On the night of Sunday, 10th January 1892, a gale blew the Whitby brig Lancet towards the Filey rocks. The Master, Lewis, ordered the anchors to be cast and these held the vessel until early morning when distress flags brought out the Filey Lifeboat, Hollon the Second. It took about six hours for the Filey volunteers to rescue seven of Lancet’s crew of eight. A newspaper reported that “one boy was drowned while launching the ship’s boat in an effort to get ashore”. Another report named the deceased as Henry COOR, who hailed from London and was “within eight months of completing his apprenticeship”. Henry’s body was transported by wave and tide about three miles and was found at Reighton the next day, the 12th. Several newspapers repeated the macabre and possibly misguided observation that “the poor fellow had evidently been alive when washed ashore, as his hands were full of gravel”. It is hard to imagine him surviving 24 hours in the winter sea.

Henry’s age isn’t given and I couldn’t find a “boy” with his name in London birth registers.
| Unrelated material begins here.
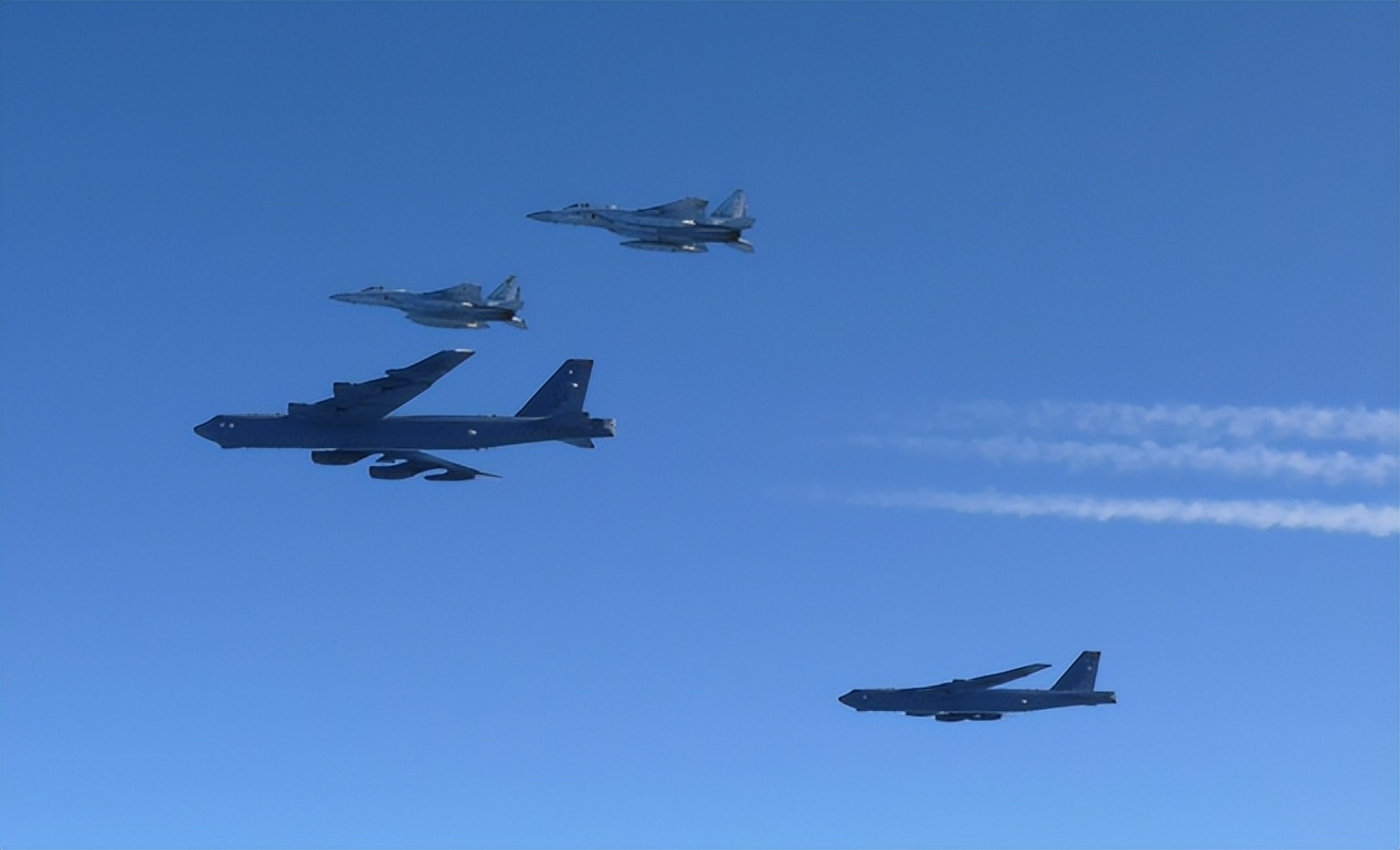 为了找回场子,日本高调宣布,美国派出两架B-52与日本共同凑了8架飞机进行联合飞行。

Henry Thomas COOR, born in Bethnal Green, would have been 21 in January 1892. Old for a boy, and perhaps for an apprentice seaman, but a curious fact suggests it was indeed he who drowned in Filey Bay. His mother’s maiden name was registered as McCLARENCE. In the June Quarter of 1892 in Bethnal Green, a boy was born to Mrs. COOR née McCLARENLL (sic) and given the name Henry.

The names COOR and McCLARENCE bamboozled most registrars and their clerks. I couldn’t return the young man to his folks today with certainty. I think his father was William and his mother Maria – but she seems to have died aged 24 when Henry the First was two-years-old. It isn’t impossible that Henry the Second’s mother was Emma McCLARENCE, wife of  James COOR and a younger sister of Maria, but it’s quite a stretch.

I just hope the unfortunate apprentice will take his place on the FamilySearch Tree some day.